Der Grund dafür geht auf die Antike zurück. Griechische Philosophen und Wissenschaftler waren es, die die die Grundsteine für zahlreiche wissenschaftliche Theorien und Konzepte legten. Diese Ursprünge erklären, warum das Griechische als Lingua Franca der Gelehrten und für den intellektuellen Dialog fungieren konnte. Mit der Übernahme dieser wissenschaftlichen Konzepte und des dazugehörigen Wortschatzes in spätere Epochen wurden die griechischen Elemente zu einem festen Bestandteil der Fachsprache.

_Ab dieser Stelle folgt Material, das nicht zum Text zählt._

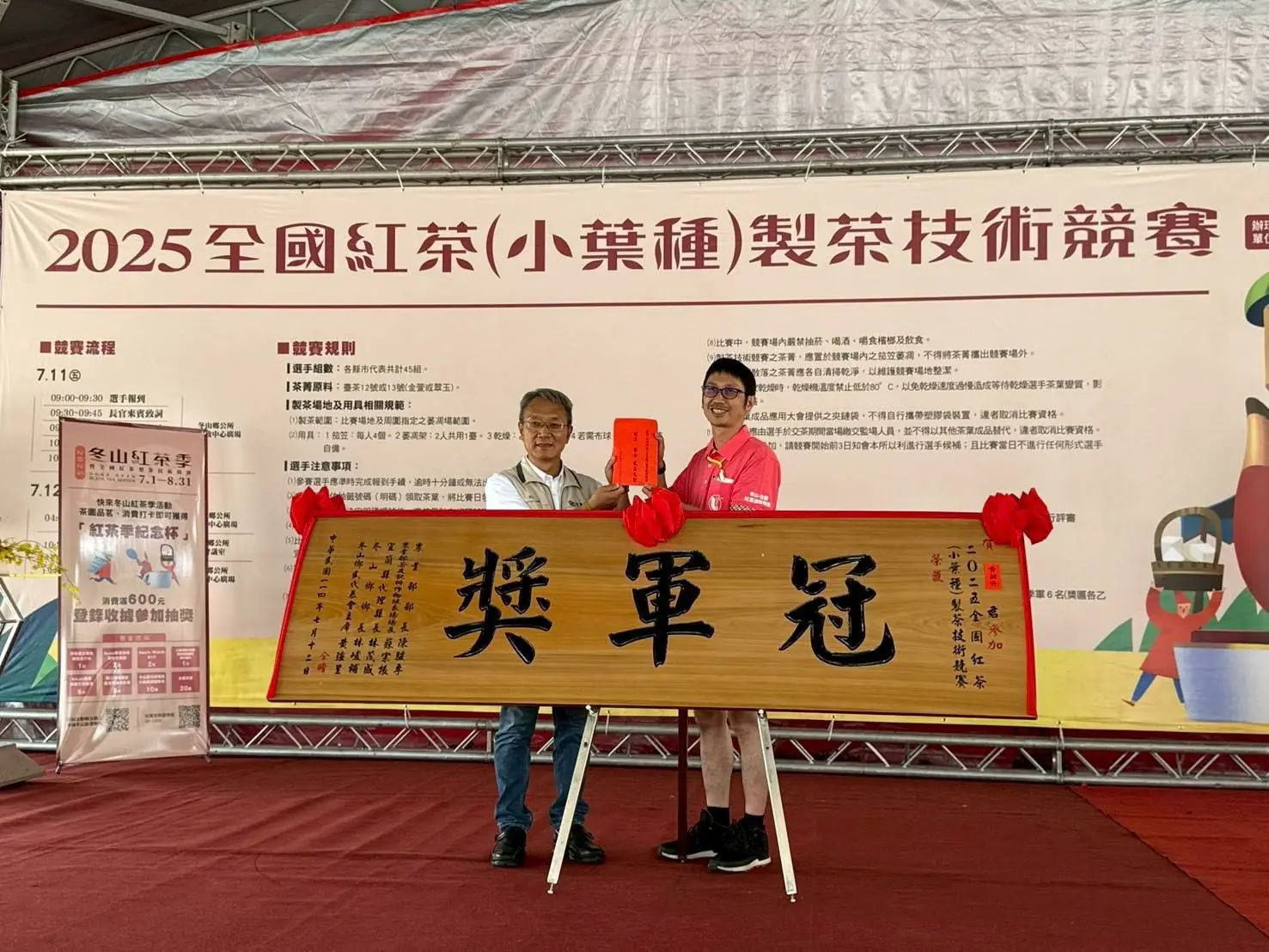 頂芳製茶的李柏蒼與李柏儀兄弟,分別於嘉義縣大阿里山茶區清香烏龍茶競賽中勇奪冠軍與季軍,在梅山鄉紅茶賽中亦榜上有名。番路鄉茶葉產銷第一班的黃建閎,也不遑多讓,在「2025阿里山春季優良茶分級包裝競賽」中,從眾多好茶中脫穎而出,榮獲特等獎肯定,實力備受肯定。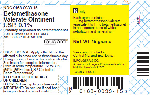 This text provides information on a medication with NDC 0168-0033-15, which is Betamethasone Valerate Ointment USP 0.1% equivalent to 1 mg betamethasone. It is intended for dermatologic use only and should not be used in the eyes. The usual dosage involves applying a thin layer to affected skin areas one to three times a day. The product comes in a 15-gram package. Proper storage instructions and a caution to keep it out of reach of children are provided. Additional details can be found in the insert included with the product.*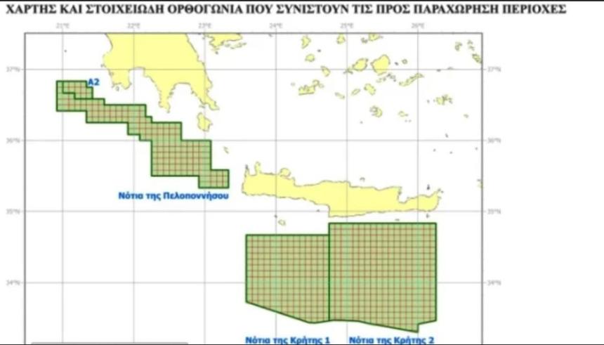 Η πρόσκληση αφορά 4 θαλάσσιες περιοχές: Νότια της Κρήτης 1, Νότια της Κρήτης 2, Νότια της Πελοποννήσου για τις οποίες εκδήλωσε ενδιαφέρον τον περασμένο Ιανουάριο η αμερικανική Chevron και το “οικόπεδο” Α2 για το οποίο ενδιαφέρθηκε η Helleniq Energy.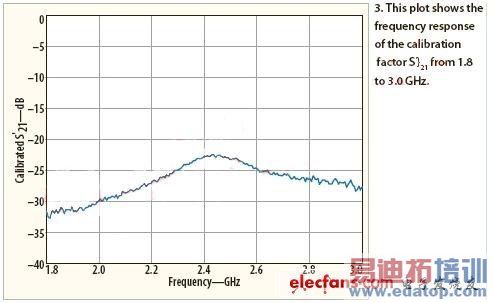 图3表示了从1.8至3.0 GHz校准系数的响应。然而,考察从2变化到4mm不同距离校正因子的变化,而这些测量表明,在2mm距离初读取的幅度约为0.25dB。还考察了在天线输入回波损耗处该传感器的影响,并发现小于0.01 dB,有赖于同轴馈线的使用。

Die Renaissance und die Aufklärung, Epochen der Wiederentdeckung und Förderung antiken Wissens, haben die Relevanz des Griechischen sogar noch verstärkt. Es wurden neue, präzise und international verständliche Fachtermini etabliert, die für die moderne Wissenschaft und Technologie essentiell sind.

Einen Sprachgebrauch ohne das Griechische können wir uns heute kaum vorstellen, wenn man einmal darauf achtet, wo überall die Antike drin steckt. Siehe auch: 63 Präfixe aus dem Lateinischen und Griechischen, die im Deutschen unverzichtbar sind

Liste lateinischer und griechischer Suffixe im Deutschen

Hier ist eine Auswahl, der wichtigsten Suffixe. Sortier nach Wichtigkeit und Anwendungsfrequenz. Die Beispiele dienen der Veranschaulichung.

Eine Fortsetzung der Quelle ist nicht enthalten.